═════ Input data

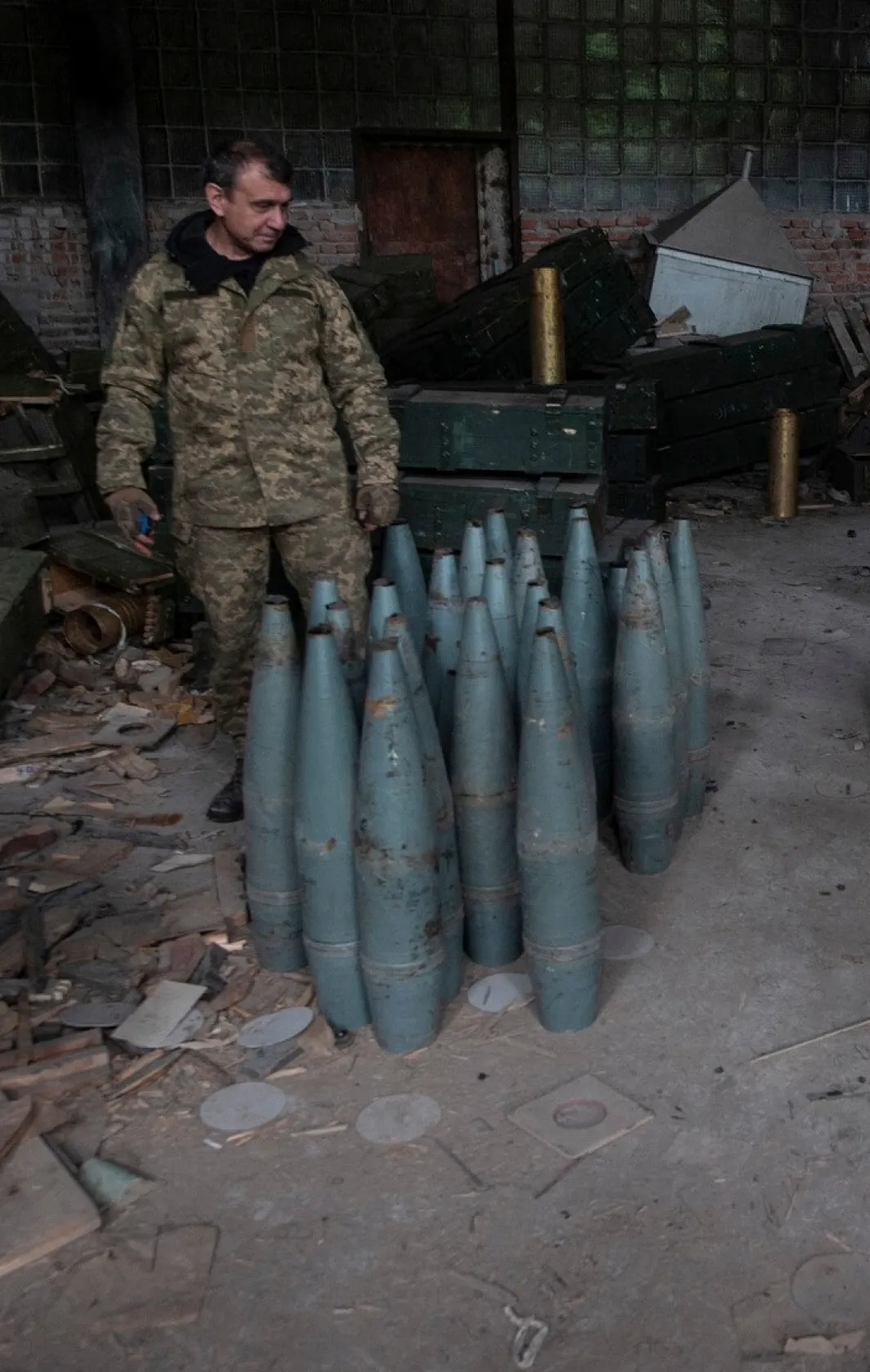 Украинский военнослужащий осматривает российские артиллерийские снаряды, захваченные во время контрнаступления недалеко от Изюма
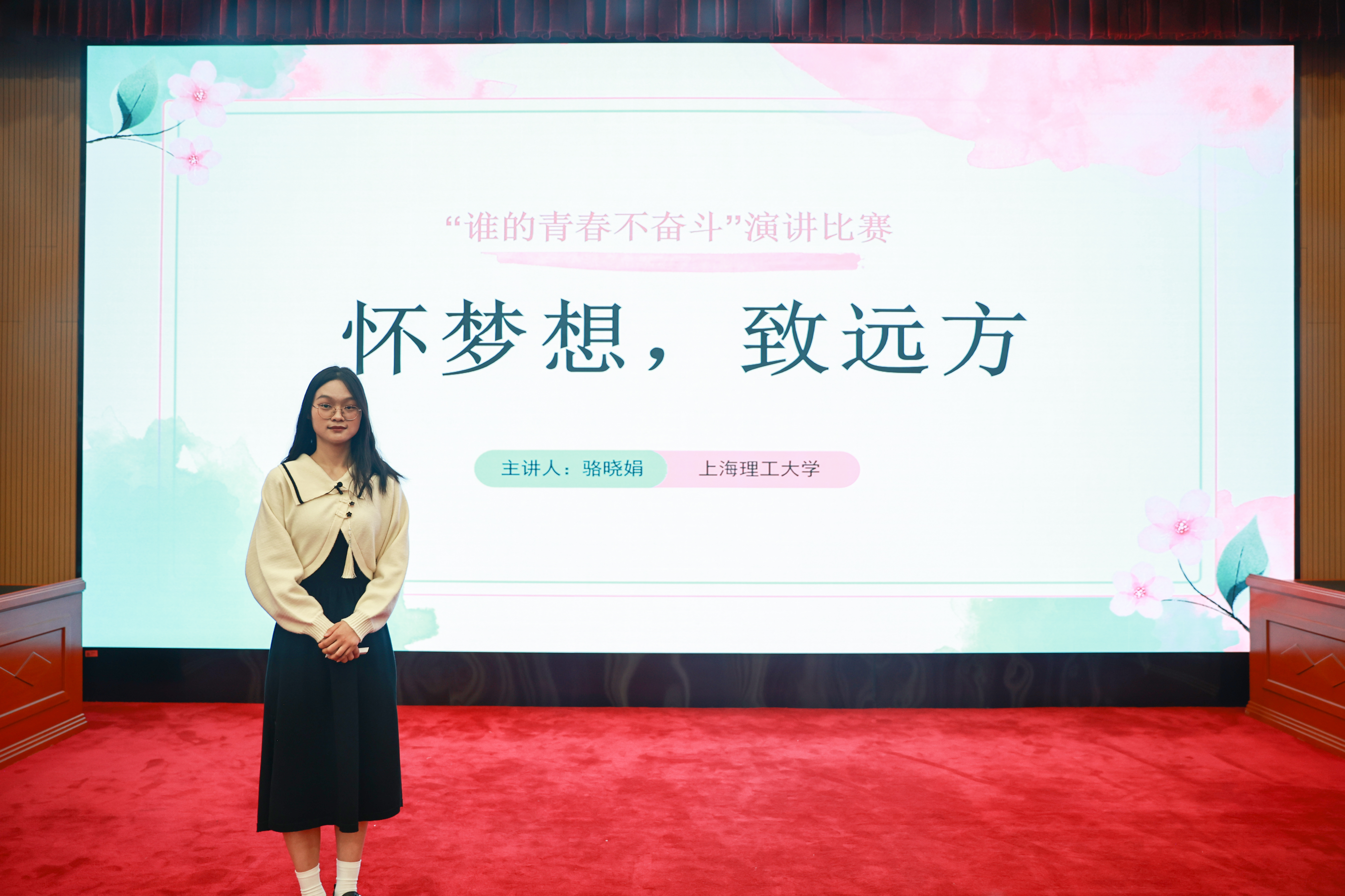 外语学院的骆晓娟同学以《怀梦想·致远方》为题,展示了自己在克服困难,乐观昂扬的精神品格,特别结合自己的进博会志愿者服务活动经历,描绘了在学习实践中熠熠生辉的奋斗历程。
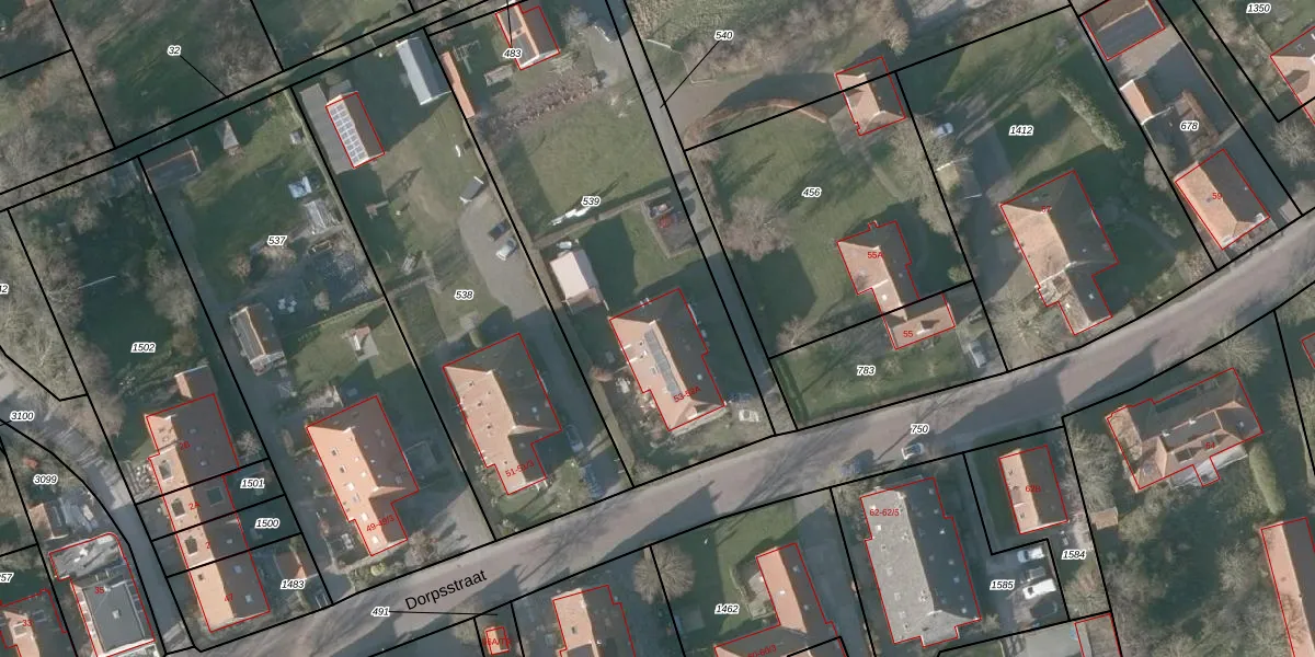 Het perceel waarop Dorpsstraat 53-A staat heeft een oppervlakte van 1878 m². Dit is een zeer groot perceel. De perceeloppervlakte wordt geregistreerd door het Kadaster. Gedetailleerde informatie over de maten van dit perceel kunt u vinden in het rapport Kadastrale kaart met maatvoering van Dorpsstraat 53-A.
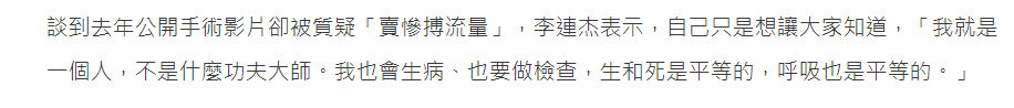 当谈到去年公开手术影片却遭到“卖惨博流量”的质疑时,李连杰认真地说:“我就是想让大家知道,我就是个普通人,不是什么高高在上的功夫大师;我也会生病,也得去做各种检查,在生死面前,人人平等,呼吸也是平等的。”
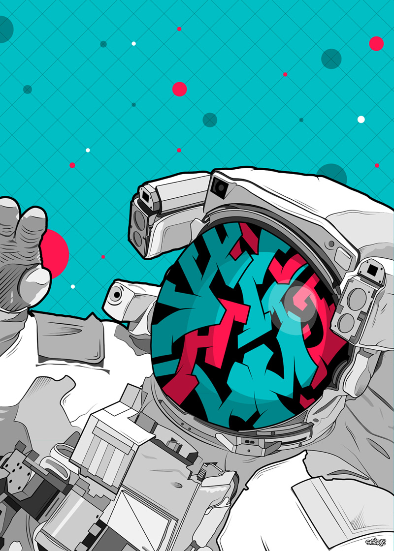 3 new vector illustrations. Experimenting a bit with my linework, colors & in general trying to evolve my style. The astronaut & hip hop skull where made for personal use and the hand for the visual communication designers' club 10 years contest.
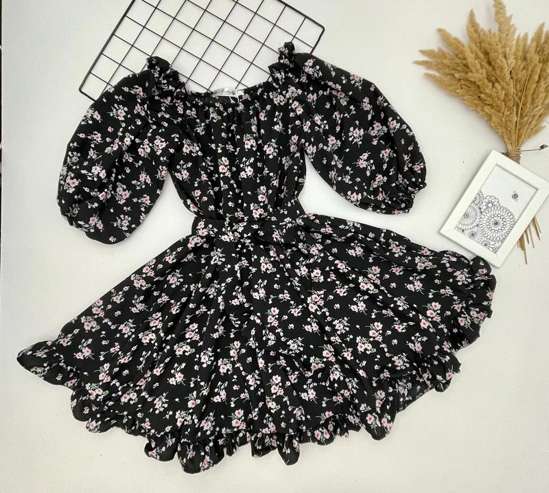 арт 2645 Весняна сукня для красунь в цветочный принт по талии под резиночку и поясок рукавчик лизариком рукавчик и верх также под резинку Тканина супер софт рост/длина/пог/рукав полная длина похибка+-2см 140/74/42/38-2шт
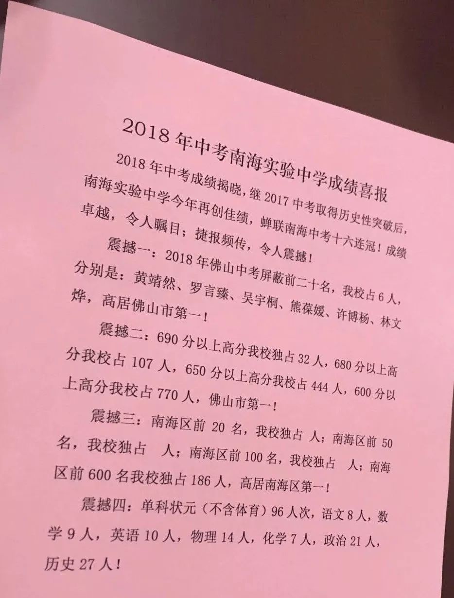 ● 南海外国语学校 王钰瑶、李宇诗、李睿3位同学成为2018年佛山中考高分屏蔽考生!单科最高分合计46人:语文单科最高分4人,数学单科最高分3人,英语单科最高分4人,化学单科最高分3人,物理单科最高分5人,政治单科最高分14人,历史单科最高分13人, 680高分人数达45人,690高分人数达13人。(文/佛山日报记者吴培)

══════════

Only the lines from the one containing "当谈到去年公开手术影片却遭到" through the last line of the data may appear in the answer, each given again exactly and with pictures left out.

## Response for this exercise
 当谈到去年公开手术影片却遭到“卖惨博流量”的质疑时,李连杰认真地说:“我就是想让大家知道,我就是个普通人,不是什么高高在上的功夫大师;我也会生病,也得去做各种检查,在生死面前,人人平等,呼吸也是平等的。”
 3 new vector illustrations. Experimenting a bit with my linework, colors & in general trying to evolve my style. The astronaut & hip hop skull where made for personal use and the hand for the visual communication designers' club 10 years contest.
 арт 2645 Весняна сукня для красунь в цветочный принт по талии под резиночку и поясок рукавчик лизариком рукавчик и верх также под резинку Тканина супер софт рост/длина/пог/рукав полная длина похибка+-2см 140/74/42/38-2шт
 ● 南海外国语学校 王钰瑶、李宇诗、李睿3位同学成为2018年佛山中考高分屏蔽考生!单科最高分合计46人:语文单科最高分4人,数学单科最高分3人,英语单科最高分4人,化学单科最高分3人,物理单科最高分5人,政治单科最高分14人,历史单科最高分13人, 680高分人数达45人,690高分人数达13人。(文/佛山日报记者吴培)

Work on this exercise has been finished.